• **WHAT YOU SHOULD DO**
Report every line from the material that contains the word "externo".

• **GIVEN ENTRIES**
================================
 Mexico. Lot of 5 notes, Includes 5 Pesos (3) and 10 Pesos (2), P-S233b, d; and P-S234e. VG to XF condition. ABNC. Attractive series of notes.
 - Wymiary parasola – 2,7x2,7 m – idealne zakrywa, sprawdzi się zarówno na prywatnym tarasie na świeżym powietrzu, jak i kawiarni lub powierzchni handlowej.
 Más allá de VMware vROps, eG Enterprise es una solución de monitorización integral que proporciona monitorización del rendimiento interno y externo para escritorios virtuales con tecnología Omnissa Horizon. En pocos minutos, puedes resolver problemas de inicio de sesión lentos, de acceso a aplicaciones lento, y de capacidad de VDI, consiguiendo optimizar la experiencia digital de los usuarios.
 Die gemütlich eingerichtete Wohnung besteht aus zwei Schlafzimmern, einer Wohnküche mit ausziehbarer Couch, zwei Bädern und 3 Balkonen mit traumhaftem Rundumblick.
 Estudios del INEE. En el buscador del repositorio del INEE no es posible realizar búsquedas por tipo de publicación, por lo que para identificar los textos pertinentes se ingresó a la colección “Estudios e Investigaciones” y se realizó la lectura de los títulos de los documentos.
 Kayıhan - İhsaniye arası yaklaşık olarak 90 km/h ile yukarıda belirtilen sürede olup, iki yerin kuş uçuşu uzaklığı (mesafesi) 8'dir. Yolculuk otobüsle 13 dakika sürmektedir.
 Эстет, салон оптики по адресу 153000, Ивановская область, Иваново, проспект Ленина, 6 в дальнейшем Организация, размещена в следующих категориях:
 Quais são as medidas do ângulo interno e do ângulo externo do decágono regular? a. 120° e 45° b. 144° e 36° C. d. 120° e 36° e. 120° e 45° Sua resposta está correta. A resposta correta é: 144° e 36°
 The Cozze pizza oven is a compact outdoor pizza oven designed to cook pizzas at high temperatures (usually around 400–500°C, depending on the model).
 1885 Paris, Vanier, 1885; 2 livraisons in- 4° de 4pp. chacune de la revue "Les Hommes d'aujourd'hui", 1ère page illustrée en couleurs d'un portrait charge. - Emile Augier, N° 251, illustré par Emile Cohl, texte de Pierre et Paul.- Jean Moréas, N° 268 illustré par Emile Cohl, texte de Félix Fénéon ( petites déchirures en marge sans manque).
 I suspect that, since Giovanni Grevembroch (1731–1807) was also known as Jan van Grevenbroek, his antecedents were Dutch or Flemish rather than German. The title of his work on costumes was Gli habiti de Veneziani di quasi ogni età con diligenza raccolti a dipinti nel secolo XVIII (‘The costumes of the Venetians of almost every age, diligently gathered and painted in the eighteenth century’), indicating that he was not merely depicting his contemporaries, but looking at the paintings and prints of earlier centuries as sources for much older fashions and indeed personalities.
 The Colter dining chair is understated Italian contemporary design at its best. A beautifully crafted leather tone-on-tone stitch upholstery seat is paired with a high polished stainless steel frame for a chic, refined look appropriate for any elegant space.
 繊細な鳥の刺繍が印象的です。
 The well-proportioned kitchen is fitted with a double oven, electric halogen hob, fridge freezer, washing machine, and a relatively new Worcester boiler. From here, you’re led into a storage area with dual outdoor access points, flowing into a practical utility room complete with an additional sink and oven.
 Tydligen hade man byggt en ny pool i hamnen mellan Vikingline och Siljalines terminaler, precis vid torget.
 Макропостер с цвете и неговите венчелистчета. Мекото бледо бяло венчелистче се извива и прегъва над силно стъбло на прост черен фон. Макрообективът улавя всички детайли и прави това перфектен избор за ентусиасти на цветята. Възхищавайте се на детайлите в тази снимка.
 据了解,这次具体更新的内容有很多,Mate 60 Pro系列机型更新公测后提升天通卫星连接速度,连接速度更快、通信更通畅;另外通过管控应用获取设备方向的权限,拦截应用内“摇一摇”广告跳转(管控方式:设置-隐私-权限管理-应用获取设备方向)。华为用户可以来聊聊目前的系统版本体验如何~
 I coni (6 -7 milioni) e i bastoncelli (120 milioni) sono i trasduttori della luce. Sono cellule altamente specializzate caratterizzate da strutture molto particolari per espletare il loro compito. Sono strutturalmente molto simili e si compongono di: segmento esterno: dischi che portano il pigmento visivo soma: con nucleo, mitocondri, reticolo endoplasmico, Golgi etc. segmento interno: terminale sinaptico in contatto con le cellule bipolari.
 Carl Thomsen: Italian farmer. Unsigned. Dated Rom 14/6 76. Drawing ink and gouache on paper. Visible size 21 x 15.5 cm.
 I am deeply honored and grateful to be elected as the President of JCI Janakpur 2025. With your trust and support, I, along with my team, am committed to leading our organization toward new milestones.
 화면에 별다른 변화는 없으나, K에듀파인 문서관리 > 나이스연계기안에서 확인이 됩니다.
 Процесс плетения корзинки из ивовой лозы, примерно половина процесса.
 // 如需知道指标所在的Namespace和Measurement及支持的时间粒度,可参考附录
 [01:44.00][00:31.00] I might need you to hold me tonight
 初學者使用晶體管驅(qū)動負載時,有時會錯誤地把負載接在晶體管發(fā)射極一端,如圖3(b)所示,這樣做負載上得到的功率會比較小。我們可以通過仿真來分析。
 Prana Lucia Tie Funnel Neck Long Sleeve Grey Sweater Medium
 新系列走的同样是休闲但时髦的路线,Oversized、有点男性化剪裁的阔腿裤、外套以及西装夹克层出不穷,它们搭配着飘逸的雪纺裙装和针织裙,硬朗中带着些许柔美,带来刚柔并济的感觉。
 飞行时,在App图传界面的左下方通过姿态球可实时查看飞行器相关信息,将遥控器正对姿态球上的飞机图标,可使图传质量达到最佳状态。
================================
• **RESULT**
 Más allá de VMware vROps, eG Enterprise es una solución de monitorización integral que proporciona monitorización del rendimiento interno y externo para escritorios virtuales con tecnología Omnissa Horizon. En pocos minutos, puedes resolver problemas de inicio de sesión lentos, de acceso a aplicaciones lento, y de capacidad de VDI, consiguiendo optimizar la experiencia digital de los usuarios.
 Quais são as medidas do ângulo interno e do ângulo externo do decágono regular? a. 120° e 45° b. 144° e 36° C. d. 120° e 36° e. 120° e 45° Sua resposta está correta. A resposta correta é: 144° e 36°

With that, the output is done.